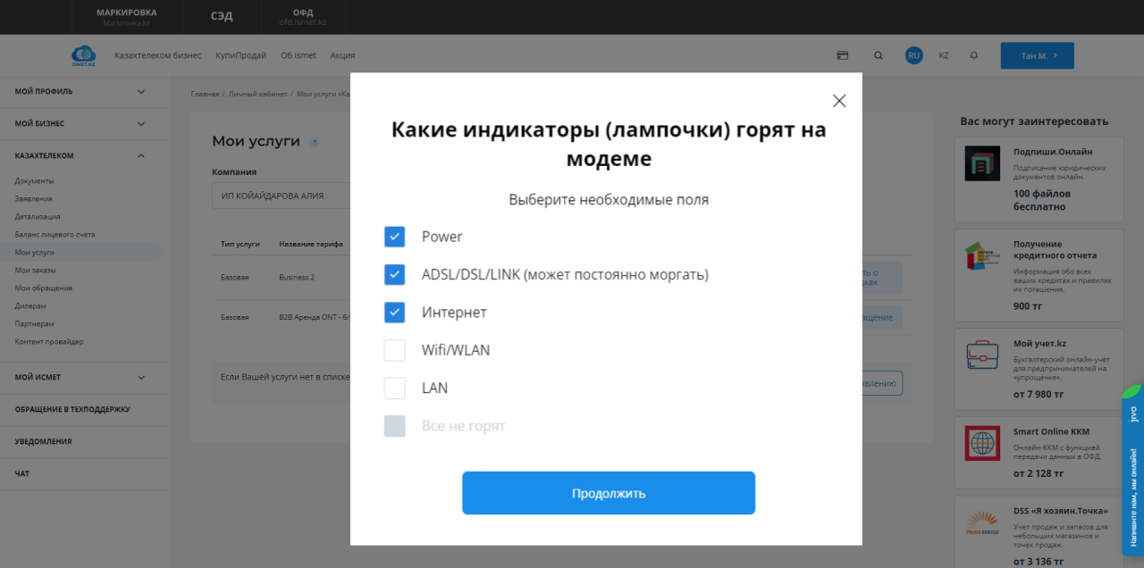 Өзін-өзі диагностикалаудың функционалы "Менің қызметтерім" бөліміндегі Жеке кабинетте кезең-кезеңімен жүзеге асырылады. Пайдаланушы өзіне қажетті тармақтарды таңдай отырып, интернеттегі ақаулықтарды өз бетінше тексеріп, мәселені шеше алады.
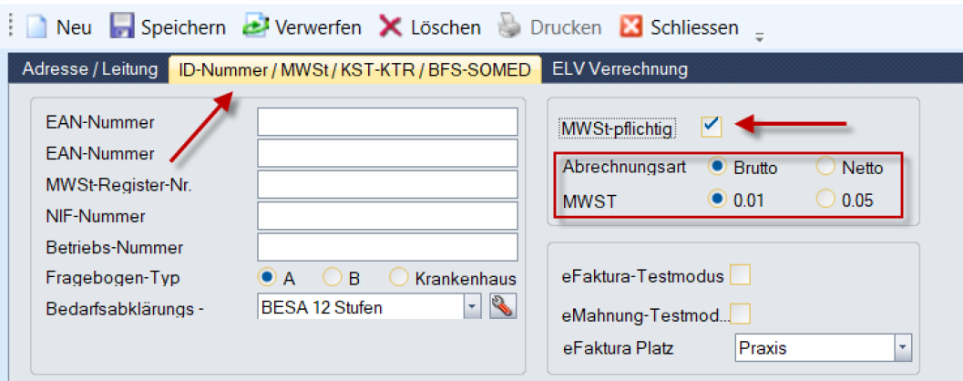2. Wechsel auf Register „ID-Nummer / MwSt….“, Flag „MwSt-pflichtig“ aktivieren und an-passen Abrechnungsart und MwSt-Rundung. Mit „Speichern“ und „Schliessen“ kann die Mandanteneinstellungen wieder verlassen werden.
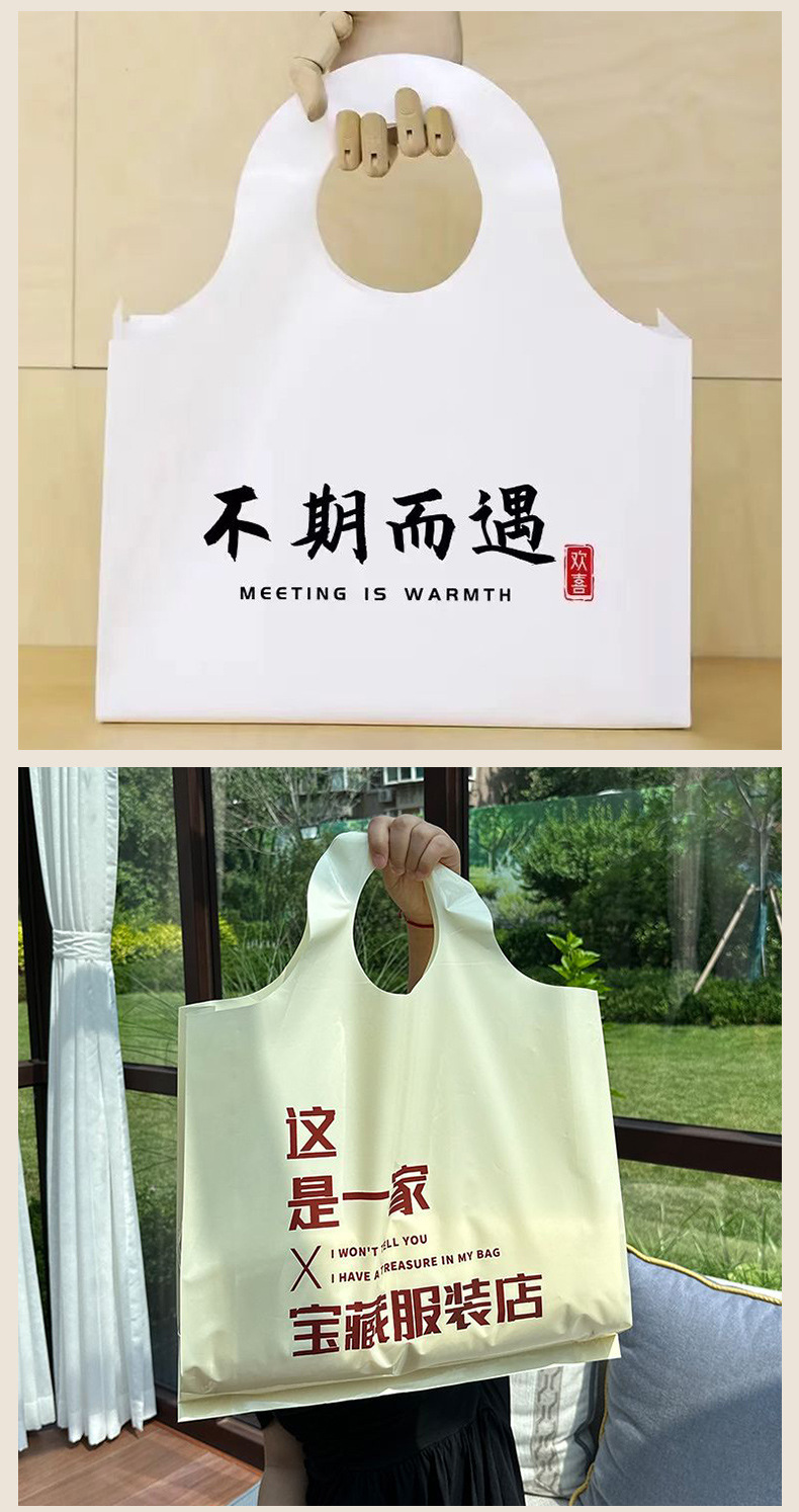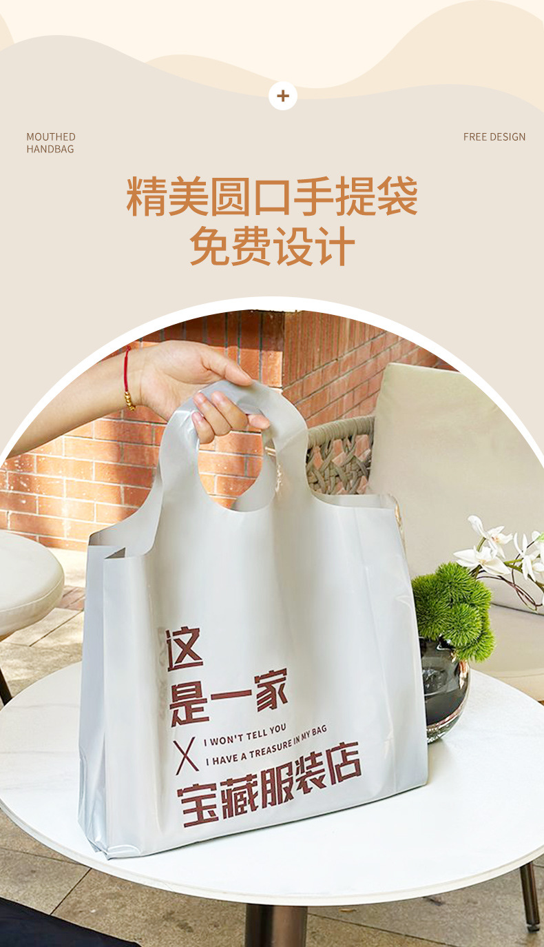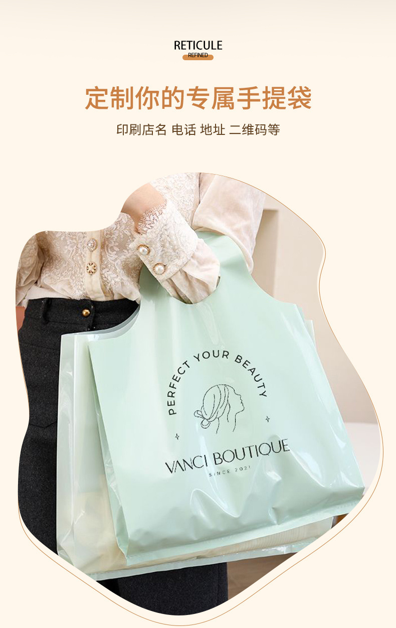 의류 매장 핸드백 여성 포장 가방 라운드 입 쇼핑 선물 가방 두껍게 플라스틱 휴대용 의류 가방 도매스토어 가기

+ + + + +

What you return must match the data above exactly, with no images included.

ANSWER SPACE -
 Өзін-өзі диагностикалаудың функционалы "Менің қызметтерім" бөліміндегі Жеке кабинетте кезең-кезеңімен жүзеге асырылады. Пайдаланушы өзіне қажетті тармақтарды таңдай отырып, интернеттегі ақаулықтарды өз бетінше тексеріп, мәселені шеше алады.
2. Wechsel auf Register „ID-Nummer / MwSt….“, Flag „MwSt-pflichtig“ aktivieren und an-passen Abrechnungsart und MwSt-Rundung. Mit „Speichern“ und „Schliessen“ kann die Mandanteneinstellungen wieder verlassen werden.
 의류 매장 핸드백 여성 포장 가방 라운드 입 쇼핑 선물 가방 두껍게 플라스틱 휴대용 의류 가방 도매스토어 가기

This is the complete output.